NEW YORK (TheStreet) -- Cantor Fitzgerald cut its price target on Aaron's (AAN) - Get Report to $22 from $27 on Tuesday. The firm has a "hold" rating on the stock.

The firm also lowered its estimates for the 2016 fiscal year as the company's prior sales and margin outlook was "too aggressive."

"We believe our prior expectation for same store sales to turn positive in the core segment in 2016 was overly optimistic given the sustained topline deceleration and customer count declines the company has suffered over the last eight quarters," the firm said in an analyst note.

The Atlanta-based company is a specialty retailer of furniture, consumer electronics, computers, appliances and household accessories. The company acquired Progressive Finance Holdings, a merchandise lease-to-own company, in 2014.

While the firm expects healthy sales growth to persist for Progressive, Cantor Fitzgerald analysts have growing concerns over the segment's limited visibility into delinquencies following the spike in its charge-off rate in the third quarter of 2015.

Shares of Aaron's closed down by 0.57% to $22.59 on Tuesday.

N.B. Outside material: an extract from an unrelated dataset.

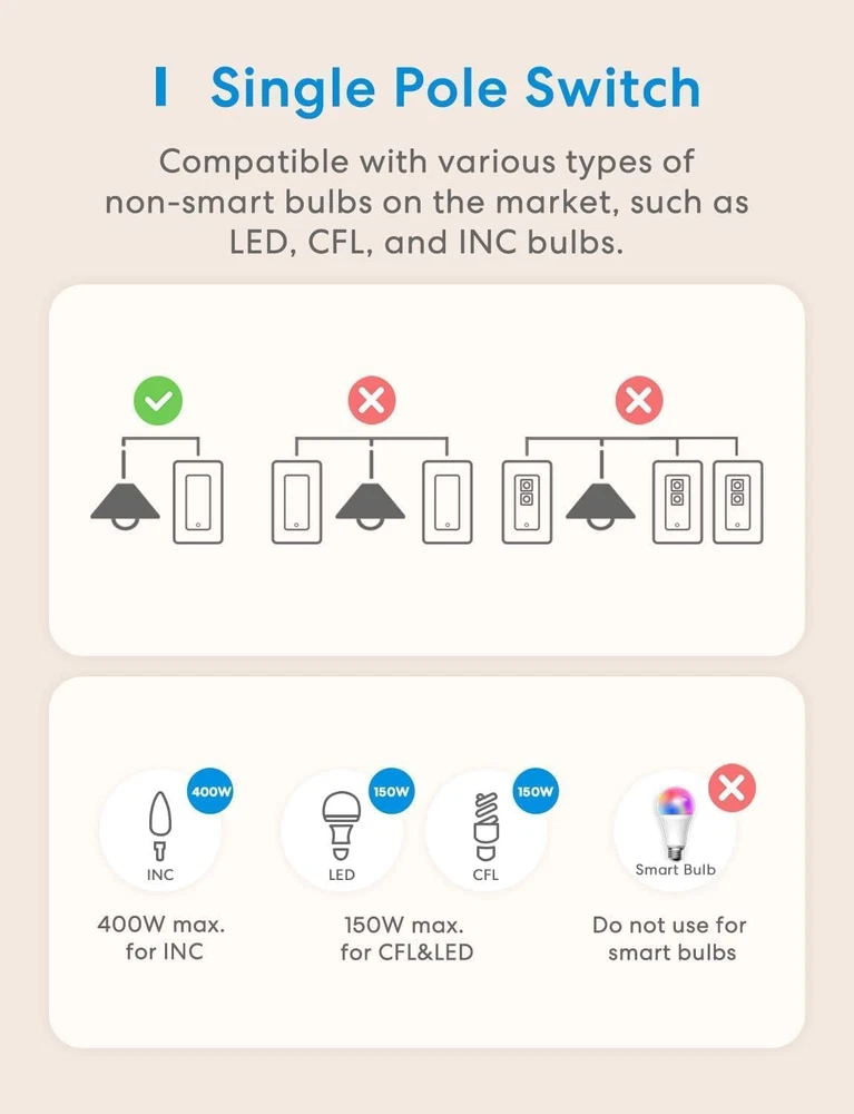 Neutral Wire Required: Please make sure your electric box has a neutral wire(in white color) before purchasing Smart Light Switch. If you are not sure, please take a photo of the inner part of your electric box and send it to us. We can check it for you timely.[NOT support 3 Way/ Dimmer.] Remote and Voice Control: Control your light from anywhere with internet anytime by WiFi light switch. ONLY supports Meross app. Compatible with Apple Homekit, Apple Watch, Siri, Alexa, Google Assistant and SmartThings. You can give simple voice commands to turn on/off the devices that are connected to meross WiFi switch. All data is securely transmitted and stored using AWS servers in US. Voice Control: Compatible with Apple HomeKit, Apple Watch, Siri, Carplay, Amazon Alexa, Google Assistant and SmartThings. You can give simple voice commands to turn on/off the devices that are connected to the smart light switch. Just say "Hey Siri, turn off the living room light." All data is securely transmitted and stored using AWS servers in the US. Easy to Install: Less than 15 min installation. Works in a single pole setup only(Not 3 Way). the smart switch fits for your existing 1/2/3/4 gang standard size Decora/GFCI faceplate. The smart switch works with 2.4GHz Wi-Fi only, does NOT support 5GHz Wi-Fi, and No hub required Schedule and Timer Setting: Meross light switch supports to auto turn on/off at specified times or according to Sunrise/Sunset. Never worry about lights being left on again. Save energy by turning off lights in areas like closets, bathrooms, garages, and basements when they're not in use or accidentally left on. Convert your regular bulbs into smart lights and manage home lighting effortlessly Product Description Control From Anywhere Know if your lights are on and adjust them, no matter if you're at home, at work, or vacationing Apple HomeKit Supported! Integrate your device easily into your Apple ecosystem for more convenient ways to control it Offline Control When the Internet is down, you can still control smart switch in Home Wi-Fi network via meross APP. 1 APP Control 2 Apple HomeKit 3 Offline Control Customize Your Schedule Transform regular bulbs into smart lights and control the lighting throughout your home with ease Fast Response Enjoy millisecond response and no drop-off with superfast local control when you're at home. Safety FCC/IC/ETL certified for safe use. 1 Timer & Schedule 2 Millisecond Local Control 3 Safety Customized Scenes Set up customized scenes to link your switch and other smart devices to match any occasion, such as saying good night to turn off all the devices. Sunrise/Sunset Schedule your smart switch to auto on/off at specified times. Create a lived-in look when you're away by randomly turning on lights. No Hub Required The Meross Smart switch for lights can be directly connected to your 2.4GHz WiFi network without a separate smart home hub. Single Pole Light Switch This smart switch is only used to replace a single pole switch rather than a 3 way switch. Manually Control-Turn on /off with a simple tap More Smart Devices from Meross Add to Cart Add to Cart Add to Cart Add to Cart Add to Cart Customer Reviews 4.4 out of 5 stars 789 4.3 out of 5 stars 3,490 4.3 out of 5 stars 3,490 4.1 out of 5 stars 1,610 4.0 out of 5 stars 667 4.3 out of 5 stars 185 — Price $49.99 $ 49 . 99 $65.99 $ 65 . 99 $20.99 $ 20 . 99 $49.99 $ 49 . 99 $29.99 $ 29 . 99 $35.99 $ 35 . 99 — Works with Apple HomeKit ✔ ✔ ✔ ✔ ✔ ✔ ✘ Works with Amazon Alexa ✔ ✔ ✔ ✔ ✔ ✔ ✔ Works with Google Assistant ✔ ✔ ✔ ✔ ✔ ✔ ✔ Offline Control ✔ ✔ ✔ ✔ ✔ ✔ ✔ No Hub Required ✔ ✔ ✔ ✔ ✔ ✔ ✔ Neutral Wire / Required Required / / Required Required Need Hub ✘ ✘ ✘ ✘ ✘ ✘ ✘

Recently, TheStreet Ratings objectively rated this stock according to its "risk-adjusted" total return prospect over a 12-month investment horizon. Not based on the news in any given day, the rating may differ from Jim Cramer's view or that of this articles's author. TheStreet Ratings has this to say about the recommendation:

We rate AARON'S INC as a Hold with a ratings score of C. The primary factors that have impacted our rating are mixed - some indicating strength, some showing weaknesses, with little evidence to justify the expectation of either a positive or negative performance for this stock relative to most other stocks. The company's strengths can be seen in multiple areas, such as its revenue growth, largely solid financial position with reasonable debt levels by most measures and compelling growth in net income. However, as a counter to these strengths, we also find weaknesses including weak operating cash flow and a generally disappointing performance in the stock itself.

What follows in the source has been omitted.